I just found this subreddit today and it feels so nice to be around people who think in the same way! My counselor told me about "Attached" and I couldn't put it down when I read it. You will understand a little more about this when you read it, but I realized I'm an anxious type and I had a pattern of dating avoidants, which was a terrible time. My bf now is secure and everything is so much more stable and he's able to reassure my insecurities, though it seemed less exciting at first. Here's a link to the book: https://www.amazon.com/Attached-Science-Adult-Attachment-YouFind/dp/1585429139

u/southpawed · 4 pointsr/infj

I would also add to this, that her book Quiet: The Power of Introverts in a World That Can't Stop Talking is also a thoroughly good read.

u/Tusktopia · 4 pointsr/infj

I recommend this book: What Every Body is saying
> Joe Navarro, a former FBI counterintelligence officer and a recognized expert on nonverbal behavior, explains how to "speed-read" people: decode sentiments and behaviors, avoid hidden pitfalls, and look for deceptive behaviors. You'll also learn how your body language can influence what your boss, family, friends, and strangers think of you.

u/tasteface · 6 pointsr/infj

Practicing forgiveness has really helped me deal with feelings of hurt and resentment.
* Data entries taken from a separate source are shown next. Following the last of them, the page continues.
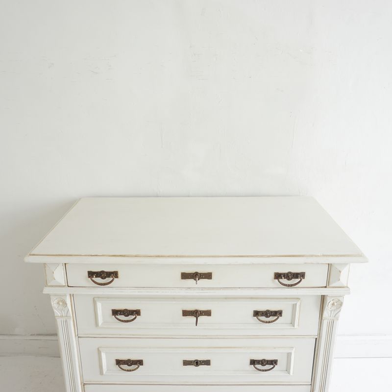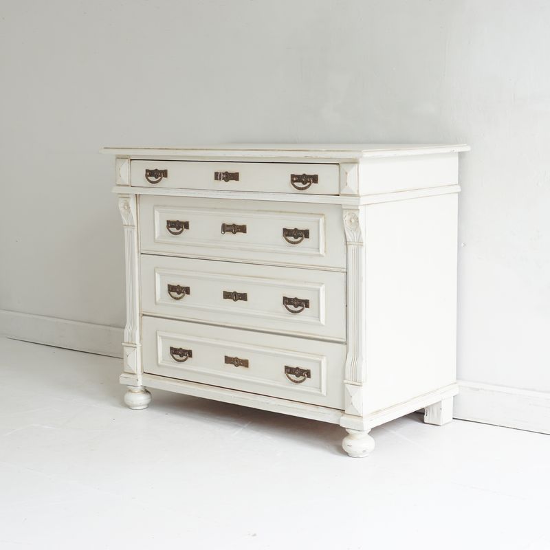 Continental chest of drawers recently refurbished in Rustoleum Chalk Paint 'Tanglewood' and lightly distressed. Attractive decorative carving, original handles and escutcheons.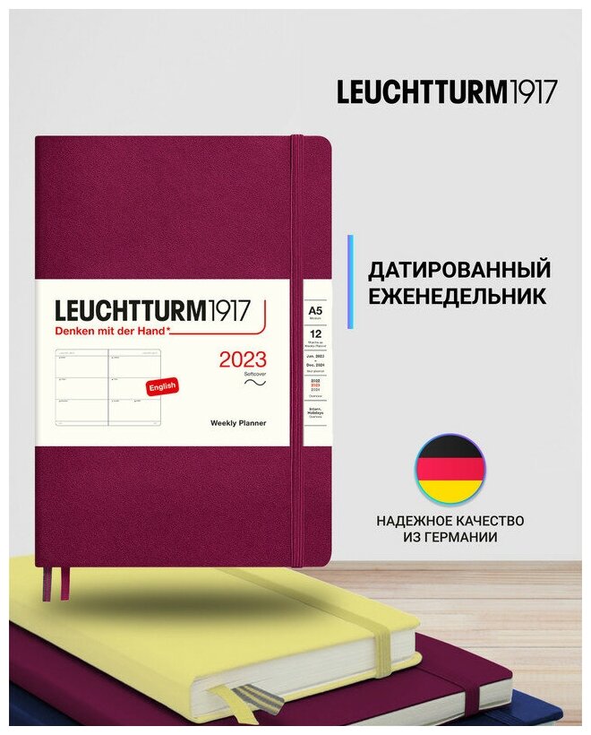 Купить Еженедельник-планер Leuchtturm1917 Medium A5 (14.5x21см.) датированный на 2023 год, 80г/м2 - 144стр., мягкая обложка, цвет: красный портвейн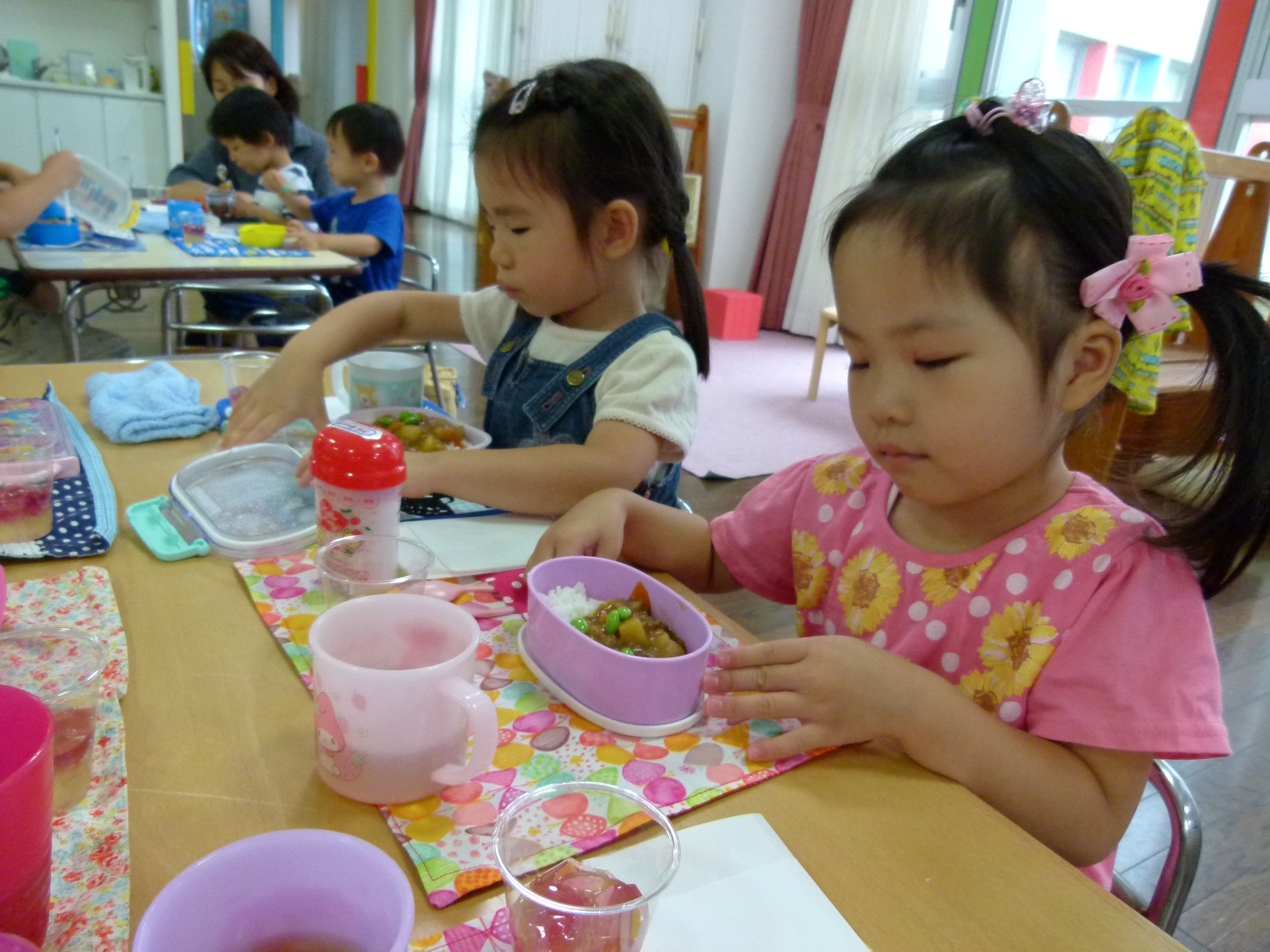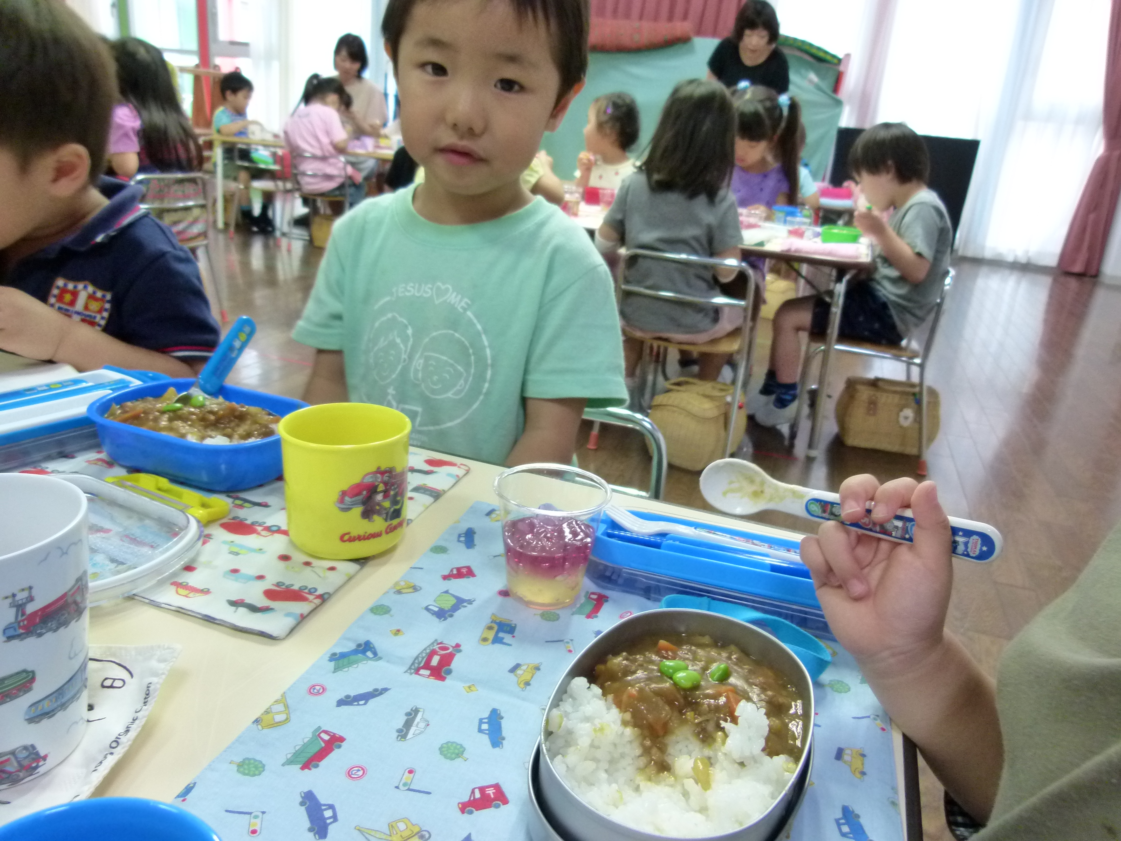 子どもたちは、お鼻をクンクン!「お腹がすいたねぇ」と会食の時間待ち遠しい様子です。今日のカレーは、幼稚園のお庭で育てたミニトマト入りです。そしてお弁当箱の蓋を開けるとカレーライスの上には、幼稚園で育てた枝豆がトッピングされていました!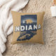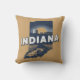 Na moda travesseiro decorativo apresenta uma silhueta de estado cênico retrô de Indiana sobre fundo marrom-claro.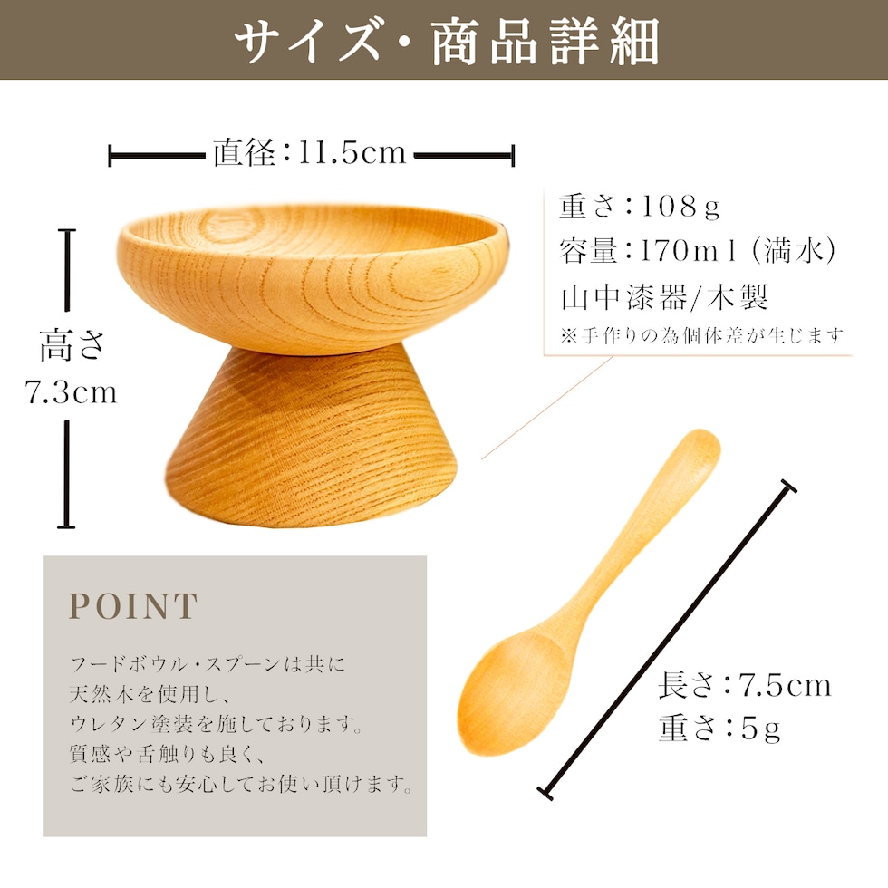 ペット用 木製フードボウル 白木塗 小 おやつスプーン付き ( 猫用 犬用 ネコ 猫 ペット用品 山中漆器 新築祝い 誕生日 プレゼント お祝い お返し )

Well, that's not true. Practicing forgiveness actually changed my life, not just "helped". It gave me new perspectives and tools to understand myself and others, and how to regulate my expectations, emotions, and reactions toward negative situations/people.

Forgiveness doesn't mean condoning what happened. It means releasing yourself from being trapped by what happened. It is a gift you give yourself (and maybe others). You can forgive someone without ever talking to them again.